[Originally posted at Slacktivist. Fred Clark has started re-posting old Left Behind posts, and so this is back at the very beginning. Book one, chapter one.]
People can't go missing on a plane. They can't. You can't just open the door and walk out, even if you could people would notice the sudden change in air pressure and the violent vortices caused by the air outside the plane moving up to a thousand miles per hour faster, relatively speaking, than the air in side the plane.
One person might somehow get lost between the bathroom and their seat, but this many people? It was impossible.
Hattie had to be wrong. There was no way. It just wasn't possible.
If anyone else were saying it he'd think they were setting him up. They'd heard him complain one to many times about Irene's-- no. He couldn't think about that. It couldn't be that.
Regardless, Hattie wouldn't play a trick like that. If it were a trick then she'd need to have been tricked too, and who could fool her about something like this? She knew how many people were on board at takeoff and she knew what seats they were in. And what seats they weren't in. If people had simply moved to the wrong seats she'd never mistake that for people being missing, and there wasn't standing room for people to hide.
It didn't make sense.
He had to see for himself what was going on.
Please let it be a prank.
Please let there be some hidden camera somewhere and have all of this be a sick, disgusting joke.

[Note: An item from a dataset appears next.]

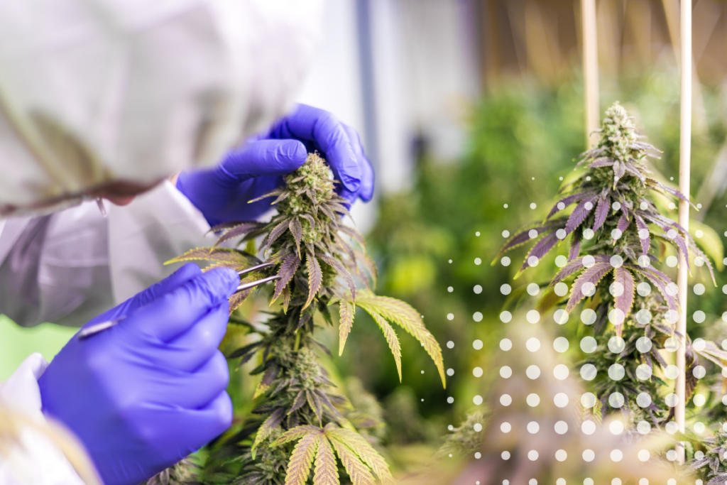 A scientist inspects a marijuana plant with a pair of tweezers while wearing protective equipment.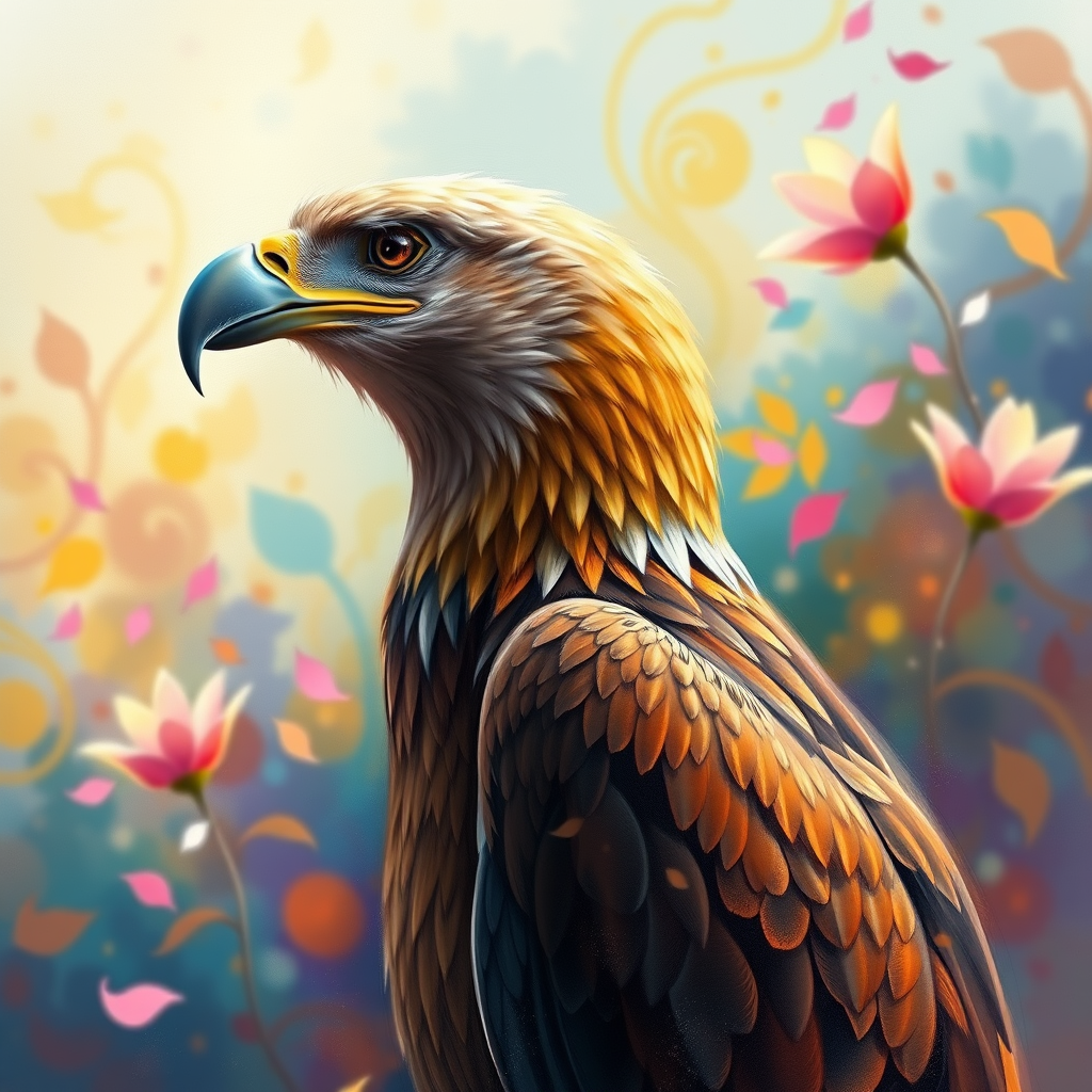 Vibrant depiction of an eagle from a side angle, emphasizing its elongated beak and focused gaze, set against an abstract, colorful background. The scene bursts with hues reminiscent of blooming flower petals, swaying gently in an imagined breeze, evoking a sense of fantasy and wonder.

He prayed, please God-- and then he decided that it was best to leave God out of it. Let God be nowhere near this one. Let God be elsewhere. Please, please let this not be the work of God.
He walked toward the passenger cabins so he could see for himself. Maybe if he talked to the people who said that members of their parties were missing the truth would come out.
There were still a lot of people who wouldn't think twice about lying to a flight attendant that would never lie to a pilot.
When he entered the first class cabin, and saw the empty clothes in a seat, he became weak. He stumbled back to the bulkhead and tried to support himself with it, but his body was too heavy, and his limbs to weak. He sank to the floor.
He barely noticed as Hattie ran to his side. He didn't even hear the first thing she said.
She shouted, "Ray!" and he noticed, but didn't respond beyond turning his head to look at her. "What's wrong?"
"She was right," he mumbled.
It was impossible. It couldn't be. There was no way. And yet it was. Irene had been right.
That meant that Ray, Hattie, Chris, and everyone still aboard the plane were all damned. Perhaps even literally. Was there even any hope left? Was their any point in landing rather than letting the plane fall from the sky?
Irene was right.
At any other time he would care that his behavior had made the passenger's mood worse. Uneasy before he arrived, they were now on the verge of full blown panic.
You never showed that you were anything less than completely confident in front of the passengers. Never. No matter how bad things really were, they had to think that you were in control. If the pilot was afraid then they'd be afraid. You couldn't let anything, any tiny bit of doubt, ever show.
He'd let himself cross several lines by allowing emotion to overcome him here instead of making it back out of sight before it hit.
It didn't matter.
Irene was right. Irene was right, and that meant that missing people were the least of their worries. Those were the lucky ones. Those were the ones to be envied.
The world as he knew it--as everyone knew it--was over and the worst was yet to come. Irene had been right all along. Why hadn't he listened?